Thanks for the question! So let’s take a look at what the stimulus is telling us. We’re told that being articulate and having a large vocabulary have been equated. But actually, people with big vocabularies don’t really do creative linguistic self-expression that’s required when no available words seem adequate. So, the argument concludes, a large vocabulary actually gets in the way of using language in a truly articulate way.
We’re being asked for which of the following is an assumption made in the argument. In other words, this is a strengthen with necessary premise question. We can use the negation test to try out answer choices. But before we look at the answer choices, it looks like there’s kind of a connection here being made between creative linguistic self-expression when you don’t know what to say and using language articulately, so that’s something to keep an eye out for.

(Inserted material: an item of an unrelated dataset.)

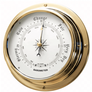 A barometer measures the atmospheric pressure, or the weight of the air around us. Changes in pressure can help predict weather changes. Low pressure often leads to storms, while high pressure generally brings clear, calm weather.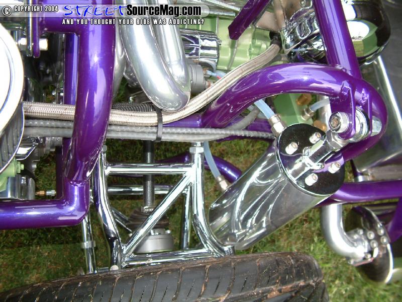 Utilizing air cylinders at all corners for adjustability the rear engine beast would need a set of Chassis Tech 2 inch drop spindles to bring the rear down with the front. To accommodate the new set up a Neal’s master cylinder would be utilized along with all new steel braided brake line. Now a rolling chassis, the body would be dropped 2 inches to bring everything level while on the ground and tucking the 19 inch ADR wheels.

Now take a look at (A), which tells us that the argument assumes that when people are truly articulate, they have the capacity to express themselves in situations in which their vocabularies seem inadequate. Let’s negate this and see if it weakens the argument. So let’s say that there’s no connection between people being truly articulate and having this capacity for self-expression when vocabulary seems inadequate. Then that definitely weakens the argument, right, because that’s what the argument seems to be doing! And since the negation weakens the argument, it’s an assumption being made, and (A) is the correct answer choice here.
Hope this helps! Feel free to ask any other questions that you might have.